The fictional sentence
Of all the writers of the golden age of science fiction, the one who can be hardest to get your head around is A.E. van Vogt. He isn’t to everyone’s taste—many readers, to quote Alexei and Cory Panshin’s not unadmiring description, find him “foggy, semi-literate, pulpish, and dumb”—but he’s undoubtedly a major figure, and he was second only to Robert A. Heinlein and Isaac Asimov when it came to defining what science fiction became in the late thirties and early forties. (If he isn’t as well known as they are, it’s largely because he was taken out of writing by dianetics at the exact moment that the genre was breaking into the mainstream.) Part of his appeal is that his stories remain compelling and readable despite their borderline incoherence, and he was unusually open about his secret. In the essay “My Life Was My Best Science Fiction Story,” which was originally published in the volume Fantastic Lives, van Vogt wrote:
I learned to write by a system propounded in a book titled The Only Two Ways to Write a Story by John W. Gallishaw (meaning by flashback or in consecutive sequence). Gallishaw had made an in-depth study of successful stories by great authors. He observed that the best of them wrote in what he called “presentation units” of about eight hundred words. Each of these units contained five steps. And every sentence in it was a “fictional sentence.” Which means that it was written either with imagery, or emotion, or suspense, depending on the type of story.

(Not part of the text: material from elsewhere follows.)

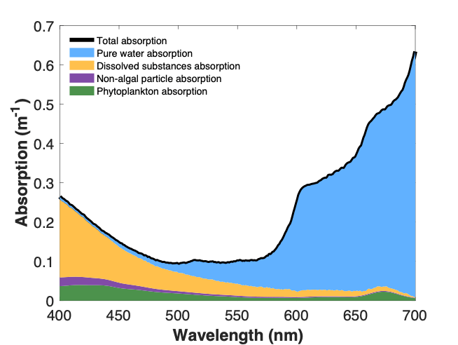 We can study phytoplankton composition by focusing on just phytoplankton absorption. Different plankton species have unique optical signatures driven by their shape, pigments, or taxonomy. By comparing characteristics of the overall phytoplankton optical signature and of the group-specific optical signatures, we can learn about what groups are present in the water.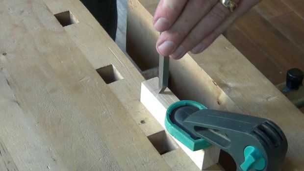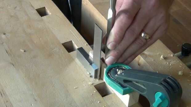 Ahora los extremos de la mortaja se cortan nuevamente a las líneas de cuchillo, con cortes ligeros para evitar que se muevan de la línea (esto puede suceder porque el bisel sobre el cincel que actúan sobre los residuos, convierte parte de la fuerza hacia abajo en una fuerza horizontal hacia el final de la mortaja). Estos cortes deben ser perfectamente verticales cuando que se llega al final, y un cartabón se sentó junto a la obra ayudará a guiarlo.

So what did these units look like? Used copies of Gallishaw’s book currently go for well over a hundred dollars online, but van Vogt helpfully summarized the relevant information:
The five steps can be described as follows: 1) Where, and to whom, is it happening? 2) Make clear the scene purpose (What is the immediate problem which confronts the protagonist, and what does it require him to accomplish in this scene?) 3) The interaction with the opposition, as he tries to achieve the scene purpose. 4) Make the reader aware that he either did accomplish the scene purpose, or did not accomplish it. 5) In all the early scenes, whether protagonist did or did not succeed in the scene purpose, establish that things are going to get worse. Now, the next presentation unit-scene begins with: Where is all this taking place. Describe the surroundings, and to whom it is happening. And so forth.
Over the years, this formula was distorted and misunderstood, so that a critic could write something like “Van Vogt admits that he changes the direction of his plot every eight hundred words.” And even when accurately stated, it can come off as bizarre. Yet it’s really nothing more than the principle that every narrative should consist of a series of objectives, which I’ve elsewhere listed among the most useful pieces of writing advice that I know. Significantly, it’s one of the few elements of craft that can be taught and learned by example. Van Vogt learned it from Gallishaw, while I got it from David Mamet’s On Directing Film, and I’ve always seen it as a jewel of wisdom that can be passed in almost apostolic fashion from one writer to another.
When we read van Vogt’s stories, of course, we aren’t conscious of this structure, and if anything, we’re more aware of their apparent lack of form. (As John McPhee writes in his wonderful new book on writing: “Readers are not supposed to notice the structure. It is meant to be about as visible as someone’s bones.”) Yet we still keep reading. It’s that sequence of objectives that keeps us oriented through the centrifugal wildness that we associate with van Vogt’s work—and it shouldn’t come as a surprise that he approached the irrational side as systematically as he did everything else. I’d heard at some point that van Vogt based many of his plots on his dreams, but it wasn’t until I read his essay that I understood what this meant:
When you’re writing, as I was, for one cent a word, and are a slow writer, and the story keeps stopping for hours or days, and your rent is due, you get anxious…I would wake up spontaneously at night, anxious. But I wasn’t aware of the anxiety. I thought about story problems—that was all I noticed then. And so back to sleep I went. In the morning, often there would be an unusual solution. All my best plot twists came in this way…It was not until July 1943 that I suddenly realized what I was doing. That night I got out our alarm clock and moved into the spare bedroom. I set the alarm to ring at one and one-half hours. When it awakened me, I reset the alarm for another one and one-half hours, thought about the problems in the story I was working on—and fell asleep. I did that altogether four times during the night. And in the morning, there was the unusual solution, the strange plot twist…So I had my system for getting to my subconscious mind.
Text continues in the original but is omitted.